Wells Fargo can be depended upon to ALWAYS pursue deficiency judgments after foreclosure. I am defending several such cases right now. High ranking people at Wells have actually made this statement publicly. Worse yet, the statute of limitations for deficiency claims for Florida foreclosures is 5 years after the foreclosure judgment (or short sale). There is no way you can control when this occurs, it might be soon, it might be near the end of the limitations period. So, many people who have been through foreclosure think that they "walked away" and yet they are very wrong - the other shoe just has not dropped yet.
More bad news - debt settlement companies are generally a scam. They pay themselves long before any of your creditors get anything, and most such plans fail.
While this may sound counterintuitive, since the foreclosure is already over, you no longer have any ability to do anything about the deficiency problem by defending against foreclosure. An option regarding the deficiency claim is to defend it PROPERLY when it is made. As I indicated, I am defending several Wells Fargo deficiency claims right now, have won one, and see ways I can win the others. However, these are not straightforward cases to defend. One of the clients who just brought me a deficiency claim to defend had been to another attorney and told me the advice he had gotten from that attorney, which would NOT have worked...
You might also be able to get serious relief and improvement in this situation via some form of bankruptcy. If you and your situation qualify, the best option might be Chapter 13. It is difficult to explain here how Chapter 13 works, because it is extremely customizable to fit particular circumstances and objectives, and the potential result depends greatly on what you own, what you owe, and what your income is. Most people who have attempted to research Chapter 13 on their own have come away confused and misapprehending how it would work for them, because it can be so different from case to case.
With all that said, please contact a really experienced attorney, who knows how to properly defend against deficiency claims and to use all the bankruptcy chapters that may be available to you. Most bankruptcy attorneys do not, most only know Chapter 7, which may not be the best option for you.
If you want to give my office a call, I will be happy to sort through the situation and discuss it with you.
There is not a heuristic that will allow you to predict whether Wells will go after a deficiency.

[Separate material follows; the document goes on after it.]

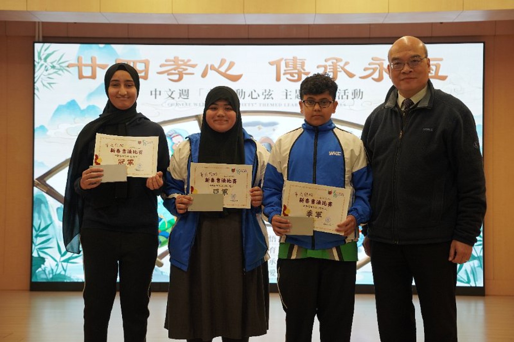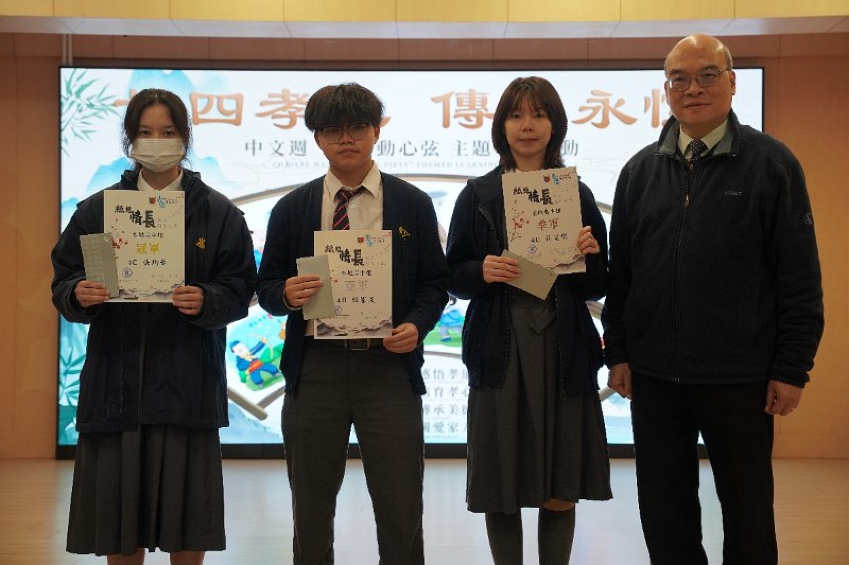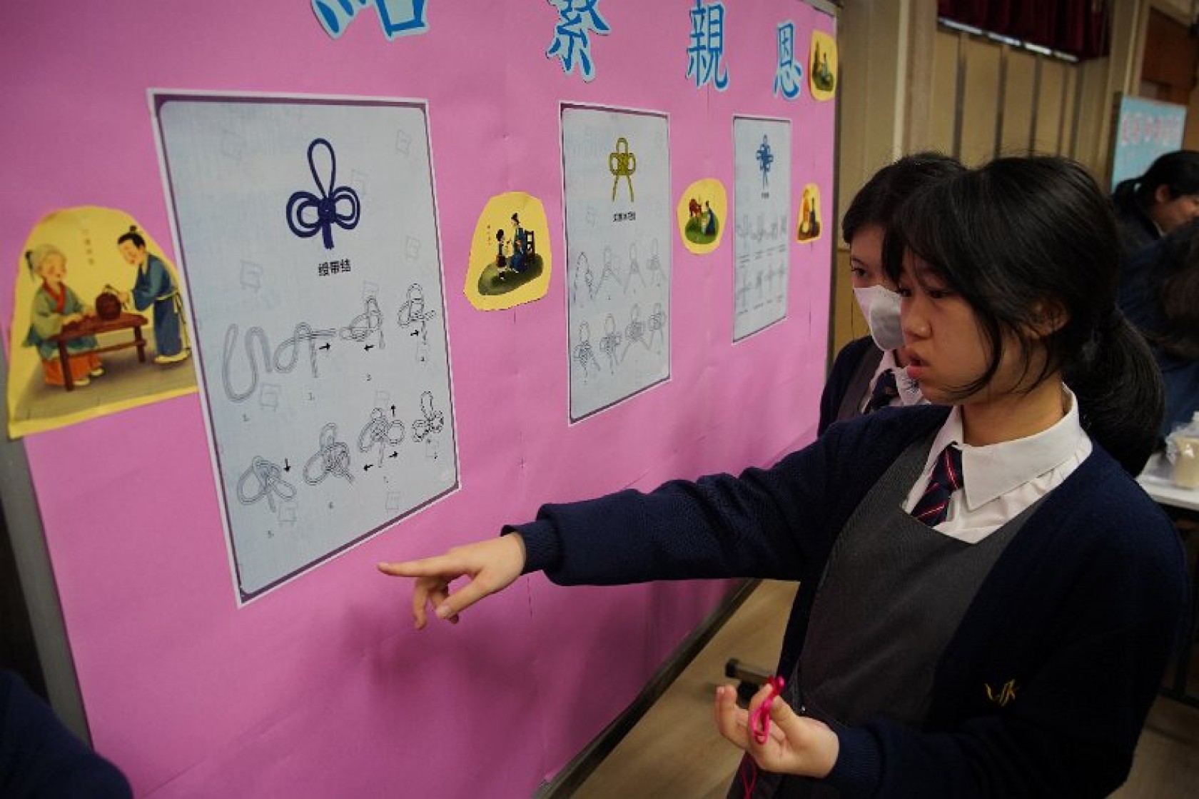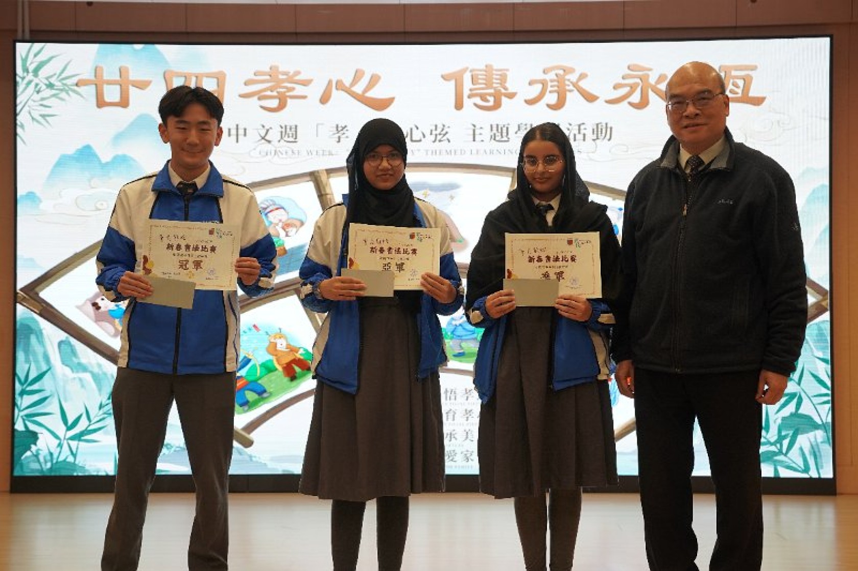 本年度中文週以「廿四孝心、傳承永恆」為主題,透過多元活動,深化學生對孝道價值觀的理解與實踐,並促進非華語學生與華語學生共融。課堂講授二十四孝故事,學生領略孝道文化精髓;「紙短情長」短詩創作比賽中,學生以詩寄情,字字珠璣,抒發對父母的感恩之心。週四午膳期間更舉行孝道文化知識攤位遊戲,例如「二十四孝故事對對碰」、「成語知識」、「孝言孝語大配對」,當中「結繫親恩」最受歡迎,學生親手編織中國結,贈予長輩,以物傳情,孝道精神內化於心。週五早會上,非華語中華文化大使分享巴基斯坦等國家的孝道精神,此外,大使們更自編自導自演,以生動的影片形式傳揚孝道,將傳統美德融入生活。活動中,非華語學生與華語學生共同參與,互相交流,增進理解,促進文化共融。活動豐富多彩,寓教於樂,學生於知、情、意、行四方面皆有所得,孝道價值觀深植心田,傳統文化薪火相傳,成效斐然。

However, there are other factors that may increase the likelihood of them pursuing same. 1) If they have financials that indicate a strategic default and borrower liquidity; 2) If there is insurance covering the loss or difference between the home value and the mortgage principal, the insurance may pursue in a action; 3) Freddie Mac owns the loan (they have become more aggressive this year in pursuing deficiencies). Keep in mind that 9 times out of 10, Wells Fargo is just a servicer. I strongly suggest you keep documentation as to the short sale offer and the banks rejection of the offer. While it is not a strong argument against a deficiency, it is a mitigator. Also, keep documentation that shows the house was worth considerable more than it went for a the foreclosure sale. This will also mitigate a deficiency when it comes for the judgment. There are two consultations that I think you should consider with a local attorney 1) a bankruptcy attorney who practices individual 11s (no you don't have to surrender all your property), and 2) a asset protection lawyer.
I recommend that you retain an experienced foreclosure defense attorney in your area. Unfortunately it appears the foreclosure already occured meaning you can not assert defenses in the foreclosure and then agree to the foreclosure in exchange for the lender not seeking a deficiency. You can, however, look into the way the property was sold and whether the purchasing entity was related to the lender in addition to some other defenses. The lender may never file anything seeking the deficiency but it could at a later date when it feels like it.